I do not want this handicap anymore…
By Isabel (Spain) 10/29/2017
Today I failed miserably another exam, after spending hours and hours preparing for it. All that effort is just a beautiful 49/100. Here I am crying in front of my computer. I just feel like a failure, a big stupid failure. Why can I not just memorize the rules and the numbers? Or just not messing everything up on the piece of paper? I do not ask for that much.
I love science, the way life and nature works, genetics, reactions, chemistry. Everything is so simple in science, you see it, your test it and then a conclusion. Practical. Fast. Beautiful.
Math is just…nothing. No shape, no reference, just weird symbols that are supposed to mean something. All that rules, all that mental calculus, for nothing but black space in my mind. I am very visual, I can tell how I look with my tears running down my checks, how they fall onto my desk, into my hands as I write. I can imagine one hundred worlds, be a God or a peasant, daydream all day to escape this lame and limited existence.
They try to help, to make you understand their hollow concepts. They say they will give me more time. More time for what? Let me tell you for what: for messing more numbers, for overthinking, for forgetting, for fear, for stress, for pain. They do not understand. How can they? They are math teachers, passionate for numbers, all the rules clear in their brains, just as ingrained as breathing. I feel their
judgment. I can feel how they think: “Is this person for real? She is just faking it, she is lazy”. Let me tell you something, your passion is my torture, as easy as it seems for you, it feels like drowning for me, I do not need your judgment, I already have mine. And believe me, it is enough to last me for ten lives.

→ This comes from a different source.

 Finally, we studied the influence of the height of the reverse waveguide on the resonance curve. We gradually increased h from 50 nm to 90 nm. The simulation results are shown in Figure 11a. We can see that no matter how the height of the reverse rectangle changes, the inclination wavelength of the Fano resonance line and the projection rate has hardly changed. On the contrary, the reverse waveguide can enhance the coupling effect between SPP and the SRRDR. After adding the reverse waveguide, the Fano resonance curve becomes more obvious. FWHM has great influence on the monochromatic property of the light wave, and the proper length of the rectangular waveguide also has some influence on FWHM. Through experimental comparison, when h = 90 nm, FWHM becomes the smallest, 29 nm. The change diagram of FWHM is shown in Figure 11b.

"Why did you choose a Biomedical Engineering mayor? Maybe this is not for you, you know? Maybe you should drop this class?" I love Bio, I love the practical part of Chem, and I love life. People say that since I have Dyscalculia, I have no “right” to study a science or engineering program. I am at an American university. I came all way from Spain to study here, in a better place. If I have to sweat blood to get my diploma, I will do it.
It is not a problem of effort or motivation, even though I will admit that sometimes I just want to hide in a corner and cry, like now. I do not want to be like this anymore, I did not choose to be dyscalculic. Some gene or God, whatever you prefer, forced this into me.
Tell me please, why do I have to struggle? Why does anyone in a similar situation like me have to struggle? For what purpose?
Here I am, at eight passed one a.m., with dry tears on my face, my roommate sleeping peacefully behind my back, and the only thing that comes into my head is that I do not want this handicap anymore.